Коля вдруг замолчал. Все больше и больше заслоняя фон из пресных и вялых лапшевников, каши, картофельной чепухи, перед Колиным внутренним оком предстала обширная свиная котлета. Она, как видно, только что соскочила со сковороды. Она еще шипела, булькала и выпускала пряный дым. Кость из котлеты торчала, как дуэльный пистолет.
– Ведь ты пойми, – закричал Коля, – какая-нибудь свиная котлета отнимает у человека неделю жизни!
– Пусть отнимает! – сказала Лиза. – Фальшивый заяц отнимает полгода. Вчера, когда мы съели морковное жаркое, я почувствовала, что умираю. Только я не хотела тебе говорить.
– Почему же ты не хотела говорить?
– У меня не было сил. Я боялась заплакать.
– А теперь ты не боишься?
– Теперь мне уже все равно.
Лиза всплакнула.
– Лев Толстой, – сказал Коля дрожащим голосом, – тоже не ел мяса.
– Да-а, – ответила Лиза, икая от слез, – граф ел спаржу.
– Спаржа не мясо.
– А когда он писал «Войну и мир», он ел мясо!
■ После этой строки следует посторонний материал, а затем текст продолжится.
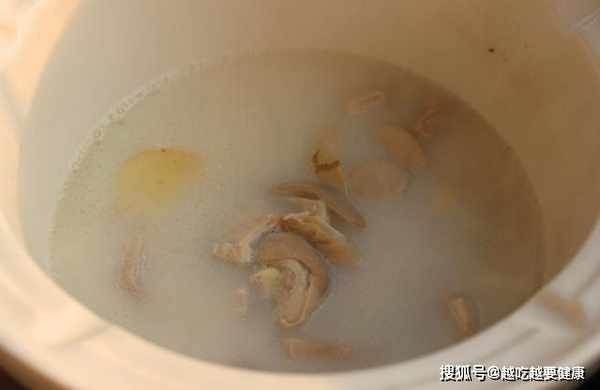 第三步,猪肚放入燉鍋中,加薑片,到滿水,然後開始燉煮,大概2個小時,加些料酒去去腥,等到最後半個小時的時候,加入蓮子,繼續燉,蓮子燉爛後加鹽和雞精調味即可,食用的時候再加胡椒粉。
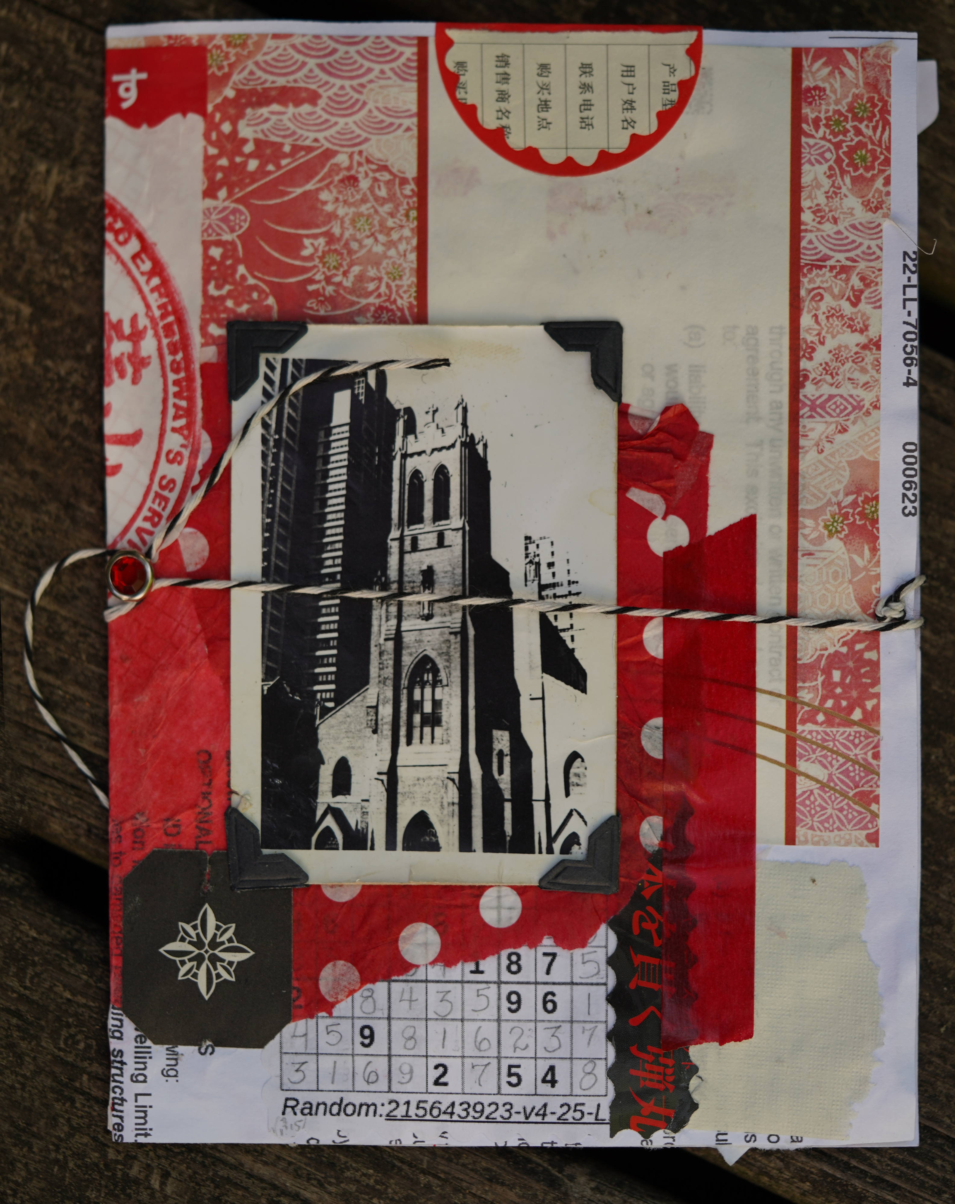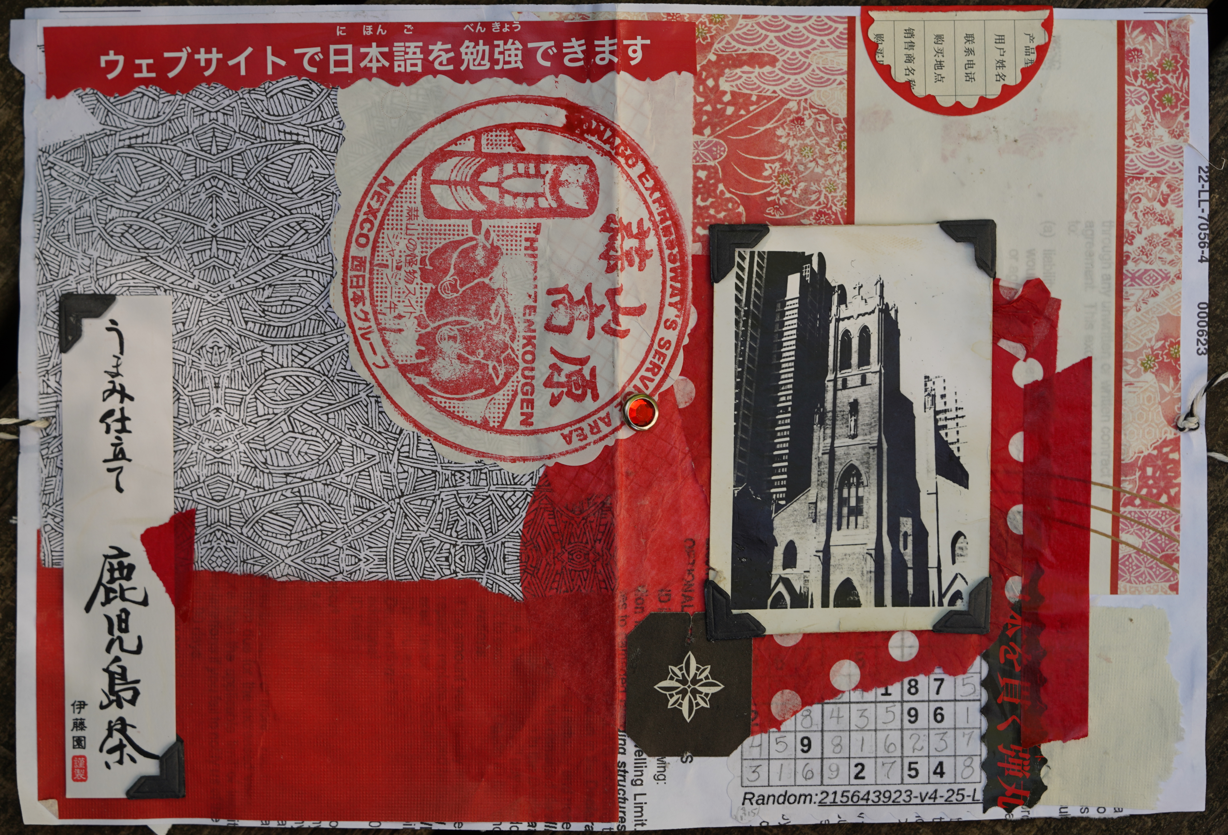 The jewelled red brad, vintage style black photo corners, and red plastic scotch-brand (i.e. USA made) “washi” tape was from my scrapbooking de-stashing friend; the Japanese ephemera—wrapping paper for omiyage, bits of Japanese text, the stamp from the service area—are from f2tY[1] and the vintage black and white photo was probably taken by my friend Page's dad decades ago.
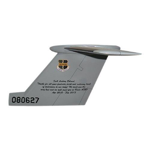 Your custom mahogany wood MC-12W Liberty aircraft tail flashes are hand-carved and painted with squadron markings, any patch, tail number, and any three lines of personalized text.

Ел, ел, ел! И когда «Анну Каренину» писал – лопал, лопал, лопал!
– Да замолчи!
– Лопал! Лопал! Лопал!
– А когда «Крейцерову сонату» писал, тогда тоже лопал? – ядовито спросил Коля.
– «Крейцерова соната» маленькая. Попробовал бы он написать «Войну и мир», сидя на вегетарианских сосисках!
– Что ты, наконец, прицепилась ко мне со своим Толстым?
– Я к тебе прицепилась с Толстым? Я? Я к вам прицепилась с Толстым?
Коля тоже перешел на «вы» – В пеналах громко ликовали. Лиза поспешно с затылка на лоб натягивала голубую вязаную шапочку.
– Куда ты идешь?
– Оставь меня в покое. Иду по делу.
И Лиза убежала.
«Куда она могла пойти?» – подумал Коля. Он прислушался.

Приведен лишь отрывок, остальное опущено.